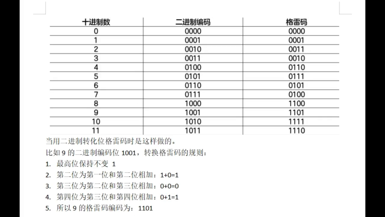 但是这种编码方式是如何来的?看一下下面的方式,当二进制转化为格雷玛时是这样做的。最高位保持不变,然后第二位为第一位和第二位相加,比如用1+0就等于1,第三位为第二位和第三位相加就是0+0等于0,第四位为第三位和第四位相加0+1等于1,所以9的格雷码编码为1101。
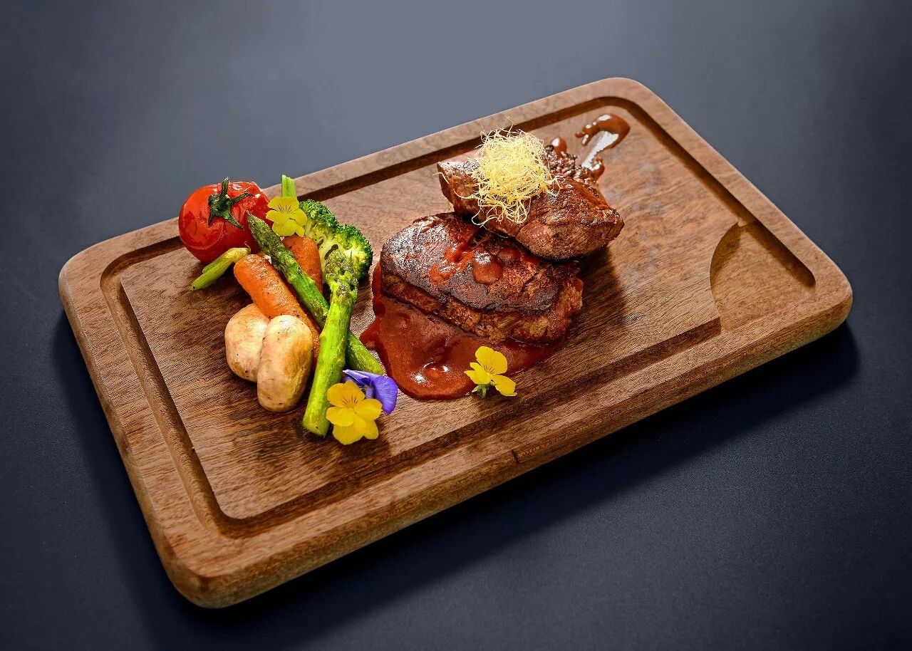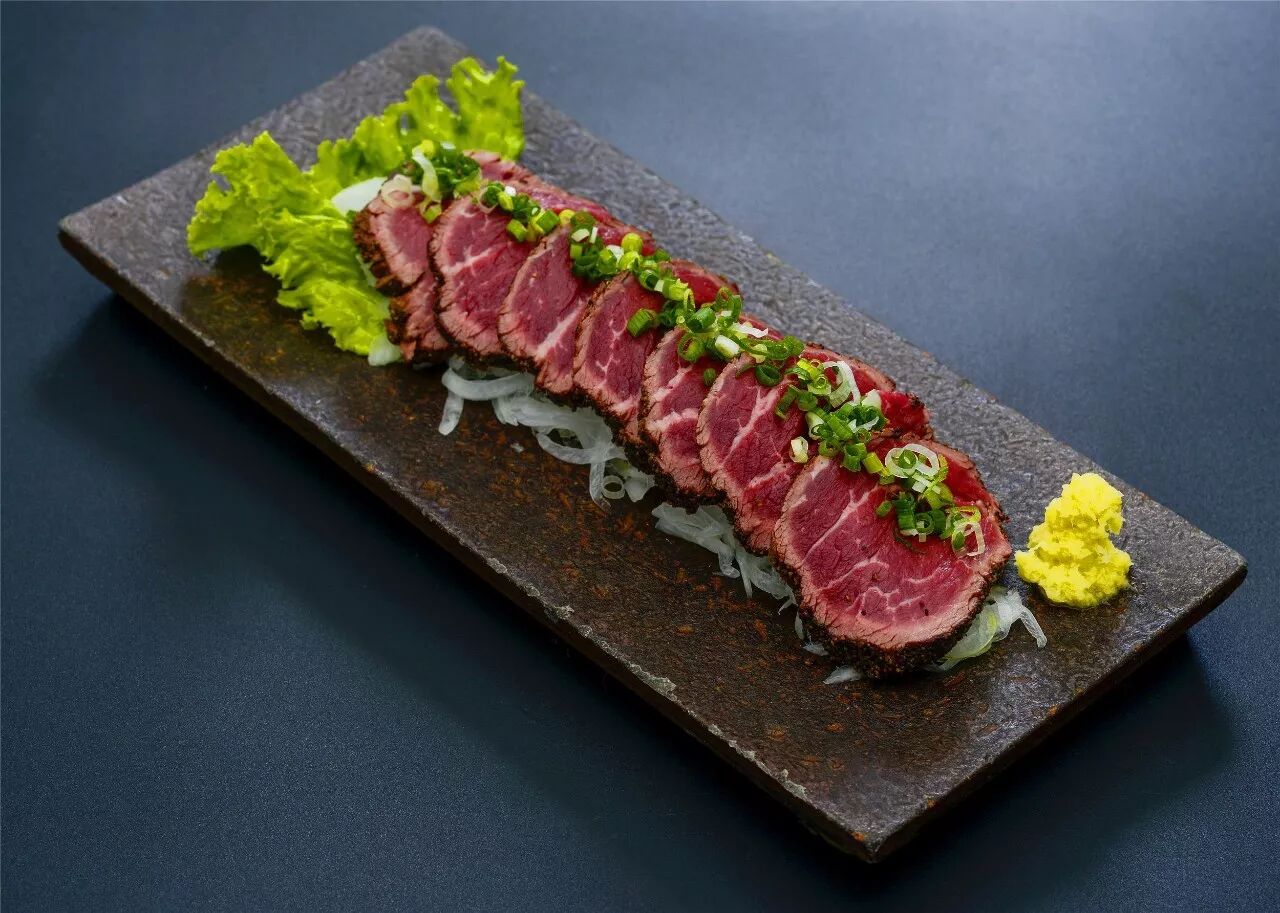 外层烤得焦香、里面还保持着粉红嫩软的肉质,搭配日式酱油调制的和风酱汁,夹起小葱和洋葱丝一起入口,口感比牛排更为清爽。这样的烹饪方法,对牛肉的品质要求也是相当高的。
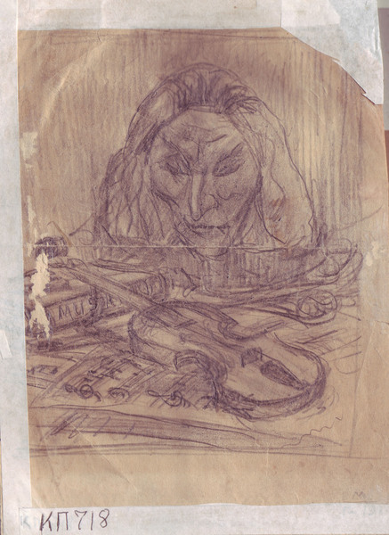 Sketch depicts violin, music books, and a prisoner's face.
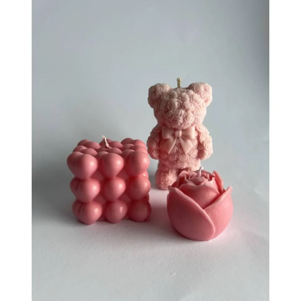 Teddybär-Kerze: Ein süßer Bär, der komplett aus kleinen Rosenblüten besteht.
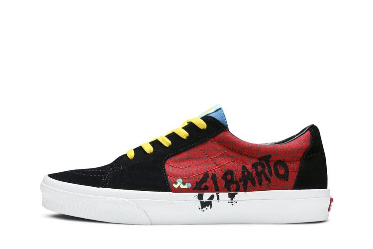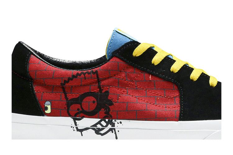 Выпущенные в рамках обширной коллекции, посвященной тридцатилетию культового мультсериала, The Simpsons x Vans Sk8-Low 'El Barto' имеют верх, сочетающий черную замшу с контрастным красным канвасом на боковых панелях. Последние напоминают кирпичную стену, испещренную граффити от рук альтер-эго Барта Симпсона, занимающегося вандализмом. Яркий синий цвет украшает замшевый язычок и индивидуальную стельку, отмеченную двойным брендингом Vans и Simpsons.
* * *
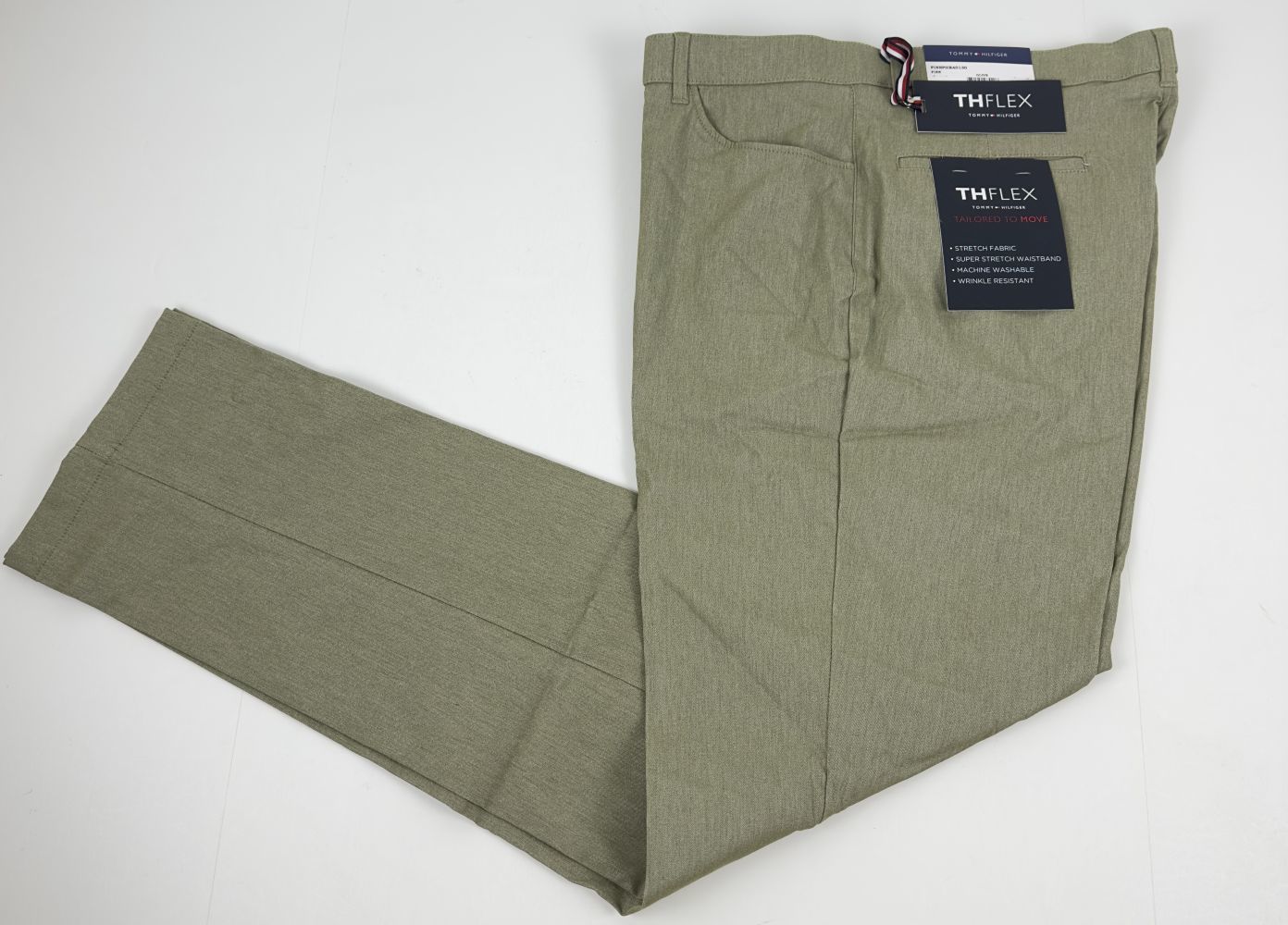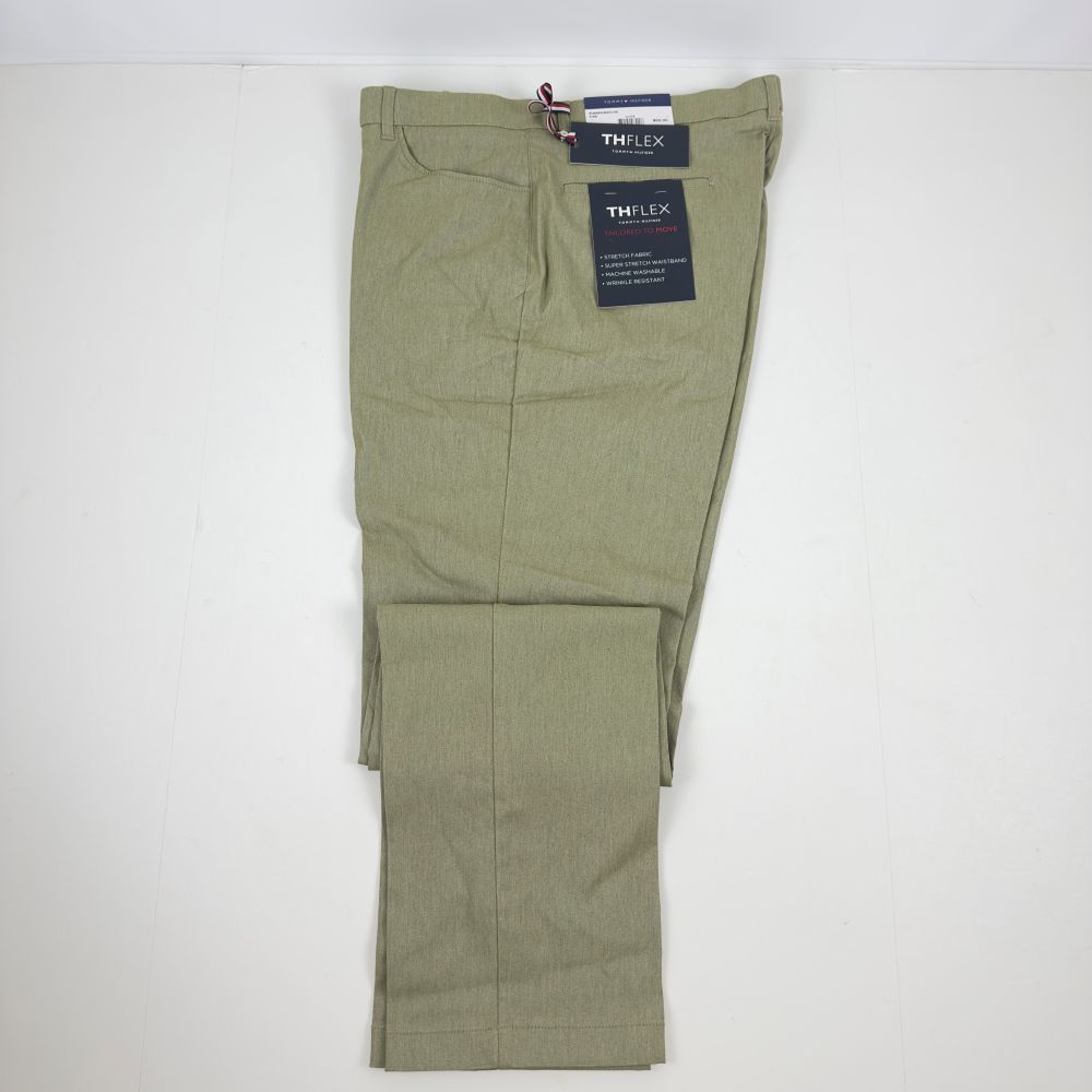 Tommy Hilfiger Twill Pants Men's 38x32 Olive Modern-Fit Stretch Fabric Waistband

PROBLEM DETAILS ▸ Take only the lines above from the one that has "Sketch depicts violin, music" through the one that has "Teddybär-Kerze: Ein süßer" and reproduce them exactly, omitting any pictures.

RESULT OF THIS TASK ▸
 Sketch depicts violin, music books, and a prisoner's face.
 Teddybär-Kerze: Ein süßer Bär, der komplett aus kleinen Rosenblüten besteht.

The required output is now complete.